前回書き記した「60年ぶりの農協大改革」に続いて、今回は「TPP(環太平洋パートナーシップ協定)」を題材に「攻める農業」への変革の舞台裏を明かそう。(第99代内閣総理大臣/衆議院議員 菅 義偉)
>>前回記事『菅義偉が振り返る60年ぶり農協大改革…「農家より農協の利益優先」の呆れた実態あらわに』から読む
「攻める農業」への転換に向け
中核的な政策がTPPへの参加だった
「攻める農業」への転換は、日本の農業が世界に目を向けることで大きな成長を遂げる可能性を見据えたものであった。TPP交渉への参加はその中核を成す取り組みでもあった。
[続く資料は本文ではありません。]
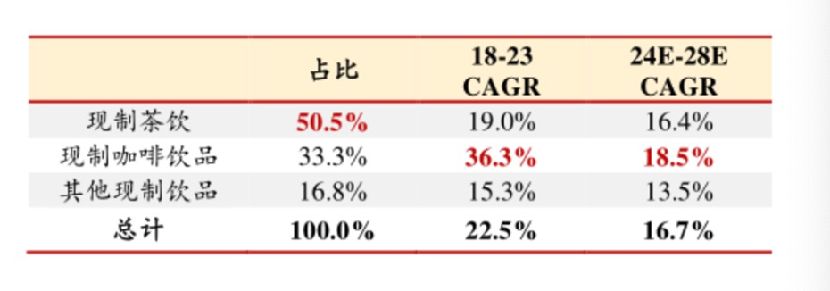 据行业数据,现制咖啡在整体咖啡市场中的占比持续提升:2023年占40.2%,2024年预计达44.6%。而在现制饮品市场中,现制咖啡增速最快。浙商证券2025年3月发布的研报显示,预计在2024年到2028年,现制咖啡的复合年增长率将达18.5%,超过现制茶饮(16.4%)以及其他现制饮品(13.5%)。
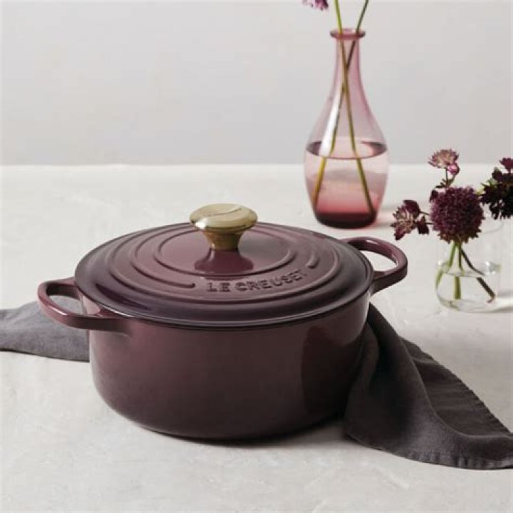 Le Creuset Fig Dutch Oven: A high-quality enameled cast iron Dutch oven in a vibrant fig color.
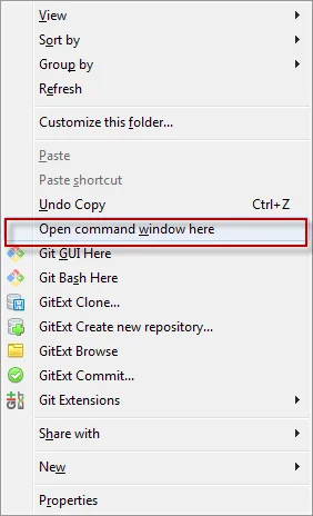 Here click "VCSU-CommandPrompt.cmd" or open a "command prompt" by clicking "Shift + Right mouse (touchpad) button" and select "Open command window here" as shown below

2013年、安倍晋三総理(当時、以降の肩書も同様)が第2次安倍政権として初訪米した際、バラク・オバマ米大統領からTPP参加を強く要請された。まさに「渡りに船」であった。私自身、TPPこそ、アベノミクスの三本の矢の一つである「成長戦略」の中でも、最も遠くまで届く滞空時間の長い「矢」となり得ると考えていたからである。
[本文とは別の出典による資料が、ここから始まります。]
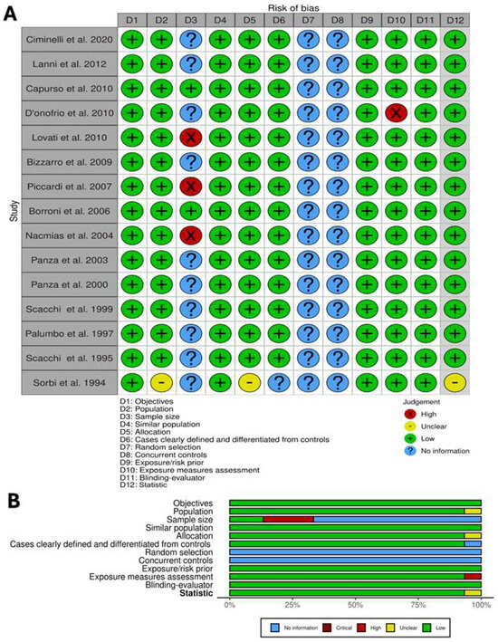 The inclusion criteria for studies published up to 15 November 2023 were as follows: population: Italian population with AD; exposure: APOE; outcomes: present or absent allele and genotype; and types of study: case–control studies conducted on an Italian population.
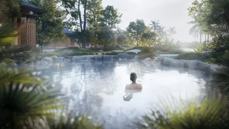 - Khu Khoáng Nóng Tự Nhiên (Alluvia Onsen): Đây là tiện ích cốt lõi và độc đáo nhất, sử dụng mạch khoáng nóng tự nhiên ngay trong lòng đất với nhiệt độ lý tưởng và hàm lượng Silic cao. Khu vực này bao gồm hệ thống bể tắm khoáng nóng, khu xông hơi, spa và trung tâm trị liệu cao cấp, mang đến trải nghiệm dưỡng sinh chuẩn Nhật, giúp cư dân chăm sóc sức khỏe, tái tạo năng lượng mỗi ngày mà không cần di chuyển xa.

資源のない日本が持続的に成長していくためには、諸外国との交易や資本取引が不可欠である。TPPはその基本ルールを決めるものであり、交渉の初期段階からの参加が極めて重要であった。また、品質と安全性において世界で高い評価を得ている日本の農業は、公平な条件の下であれば世界各国との競争でも決して負けることはないと私は確信してもいた。そしてTPPが実現すれば、日本にとっては国内総生産(GDP)の2.6%、約14兆円の経済拡大効果が見込まれるとの試算も出ていたのである。
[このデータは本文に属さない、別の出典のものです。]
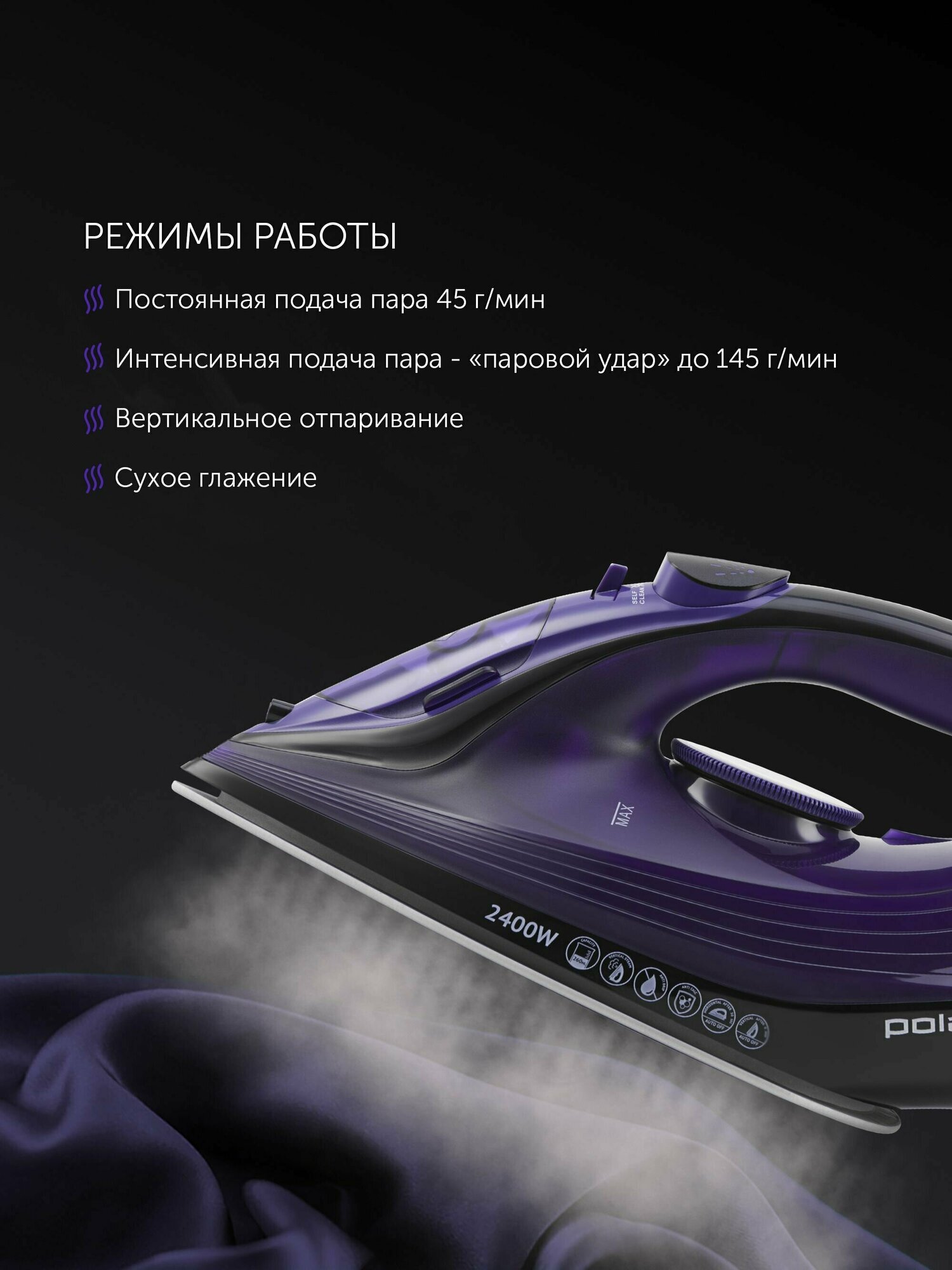 Мощный паровой удар Идеальное скольжение подошвы на всех типах ткани Авто отключение |

安倍総理から参加方針の取りまとめを指示された私は早速、岸田文雄外務大臣、茂木敏充経済産業大臣、林芳正農林水産大臣と議論を開始した。赤坂議員宿舎の会議室に夜にひそかに集まって議論を重ね、基本方針の骨格を固めていった。
骨子が固まったとの報告を受けた安倍総理は、13年3月にTPP交渉への参加を表明した。翌4月にはTPP政府対策本部が設置され、甘利明経済再生担当大臣がTPP交渉の担当大臣を兼任することとなった。
だが、TPP交渉参加については、党内に慎重論もあった。特に農村部を票田に抱える地方の議員からは、国際競争がもたらす日本の農業への打撃が選挙に不利に働く可能性を懸念する声が強かった。